Die grundbesitzende GbR im Wandel der Zeit – von einfach zu kompliziert.
Der Anfang war einfach
Am Anfang stand eine einfache Idee: Im ersten Entwurf des BGB war die Gesellschaft nach römisch-rechtlichem Vorbild (societas) als ein ausschließlich schuldrechtliches Rechtsverhältnis unter den Gesellschaftern ohne eigenes, von dem ihrer Gesellschafter verschiedenen, Gesellschaftsvermögen gestaltet (vgl. Mot. II, 591 = Mugdan II, 330). Die zweite Kommission konstituierte dann ein Gesellschaftsvermögen als Gesamthandsvermögen (vgl. die bis 2024 geltende Fassung der §§ 718, 719 BGB), ohne jedoch die aus dem Gesamthandsprinzip folgenden Konsequenzen im Einzelnen zu regeln.

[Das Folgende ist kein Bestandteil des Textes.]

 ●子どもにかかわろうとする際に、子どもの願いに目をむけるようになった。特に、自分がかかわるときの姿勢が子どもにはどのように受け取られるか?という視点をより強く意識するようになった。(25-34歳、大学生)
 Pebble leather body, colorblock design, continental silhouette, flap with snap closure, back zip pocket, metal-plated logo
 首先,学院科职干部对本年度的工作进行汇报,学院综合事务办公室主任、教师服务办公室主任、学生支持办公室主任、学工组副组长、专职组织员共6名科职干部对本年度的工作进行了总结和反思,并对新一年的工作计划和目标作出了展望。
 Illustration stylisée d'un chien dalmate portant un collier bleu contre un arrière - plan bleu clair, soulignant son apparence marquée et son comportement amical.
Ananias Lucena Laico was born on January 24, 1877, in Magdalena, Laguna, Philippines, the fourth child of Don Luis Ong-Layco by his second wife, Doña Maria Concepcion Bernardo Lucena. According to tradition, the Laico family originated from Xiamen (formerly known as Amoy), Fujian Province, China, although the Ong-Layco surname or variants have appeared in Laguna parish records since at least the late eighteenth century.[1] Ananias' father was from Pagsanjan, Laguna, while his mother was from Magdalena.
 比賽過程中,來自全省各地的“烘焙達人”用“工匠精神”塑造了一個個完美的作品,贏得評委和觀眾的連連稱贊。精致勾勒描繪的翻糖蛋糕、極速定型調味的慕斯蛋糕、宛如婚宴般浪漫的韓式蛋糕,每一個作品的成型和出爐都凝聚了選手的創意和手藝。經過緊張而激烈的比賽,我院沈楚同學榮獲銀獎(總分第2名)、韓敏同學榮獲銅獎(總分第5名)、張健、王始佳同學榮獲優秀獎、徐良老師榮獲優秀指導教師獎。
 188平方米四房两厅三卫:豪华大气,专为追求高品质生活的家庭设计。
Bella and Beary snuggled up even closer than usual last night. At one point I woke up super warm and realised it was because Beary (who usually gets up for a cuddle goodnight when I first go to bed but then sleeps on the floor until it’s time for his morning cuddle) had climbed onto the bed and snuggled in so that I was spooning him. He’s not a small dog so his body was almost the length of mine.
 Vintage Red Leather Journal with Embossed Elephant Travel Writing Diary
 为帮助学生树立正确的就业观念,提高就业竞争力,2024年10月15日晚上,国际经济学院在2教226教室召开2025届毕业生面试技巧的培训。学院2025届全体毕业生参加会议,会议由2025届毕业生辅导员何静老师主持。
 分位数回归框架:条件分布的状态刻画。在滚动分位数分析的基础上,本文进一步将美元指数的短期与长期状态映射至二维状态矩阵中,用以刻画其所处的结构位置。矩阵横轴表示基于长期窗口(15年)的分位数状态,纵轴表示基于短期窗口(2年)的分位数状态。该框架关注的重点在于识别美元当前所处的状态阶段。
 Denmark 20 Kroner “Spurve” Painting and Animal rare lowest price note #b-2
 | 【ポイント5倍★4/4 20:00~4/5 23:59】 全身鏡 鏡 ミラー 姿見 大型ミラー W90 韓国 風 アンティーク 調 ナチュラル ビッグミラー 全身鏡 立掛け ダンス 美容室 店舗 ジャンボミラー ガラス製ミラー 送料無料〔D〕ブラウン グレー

Es blieb vielmehr im Wesentlichen bei der Regelung des Gesellschaftsverhältnisses als Schuldverhältnis (BGH NJW 2001, 1056). Dies führte dazu, dass im Grundbuch zwar nicht die GbR als solche als Eigentümer eingetragen wurde, jedoch ihre Gesellschafter in ihrer gesamthänderischen Verbundenheit unter Angabe des Gesamthandverhältnisses. Dies gab immerhin einen Hinweis auf das Bestehen einer GbR (§ 47 GBO i.d.F. vor dem 18.08.2009).
Der Schritt in die Rechtsfähigkeit
Der BGH erkannte bereits in den 90er Jahren (siehe hier insbesondere die Entscheidung des BGH vom 4.11.1991, BGHZ 116, 86) die partielle Rechtsfähigkeit der GbR an. Mit der Entscheidung vom 29.01.2001 (BGH NJW 2001, 1056) war dann die Rechtsfähigkeit der GbR endgültig anerkannt, allerdings noch nicht ihre Grundbuchfähigkeit. Diese erlangte sie erst aufgrund des Beschlusses vom 4.12.2008 (BGH - DNotZ 2009, 115). Damit konnte die GbR erstmals unter der Bezeichnung in das Grundbuch eingetragen werden, die ihre Gesellschafter im Gesellschaftsvertrag für sie vorgesehen haben.
Mit Art. 1 Gesetz v. 11.08.2009 BGBl. I S. 2713 wurde dann durch § 47 Abs. 2 GBO bestimmt, dass, wenn ein Recht „für eine GbR“ einzutragen ist, „auch“ deren Gesellschafter im Grundbuch einzutragen sind. In Hinblick auf die damit normierte teilweise Zuerkennung der Rechtsfähigkeit der GbR wurde dann auch § 82 GBO geändert. Die Vorschrift, sah bis dahin nur generell für den Fall eines Rechtsübergangs außerhalb des Grundbuchs (z.B. durch Erbfolge) vor, dass dem Eigentümer oder dem Testamentsvollstrecker die Pflicht zur Grundbuchberichtigung auferlegt wird. Diese Möglichkeit wurde nun ausdrücklich für den Fall, dass „eine GbR als Eigentümerin eingetragen war“, entsprechend für anwendbar erklärt (§ 82 S. 3 GBO i.d.F. vom 18.08.2009). Zur Begründung führte der Rechtsausschuss an, dass „die neuen Bestimmungen (…) erforderlich (sind), weil das Recht an die veränderten Gegebenheiten angepasst werden muss, die sich aus der Rechtsprechung des Bundesgerichtshofs zur Rechtsfähigkeit der GbR und zu ihrer Eintragung im Grundbuch ergeben“ (BT-Drucksache 16/13437 - Beschlussempfehlung und Bericht Rechtsausschuss S. 23). Die Änderung der GBO (Artikel 1 Gesetz v. 11.08.2009 BGBl. I S. 2713) setzte allerdings die Rechts- und Grundbuchfähigkeit der GbR nur unzureichend um.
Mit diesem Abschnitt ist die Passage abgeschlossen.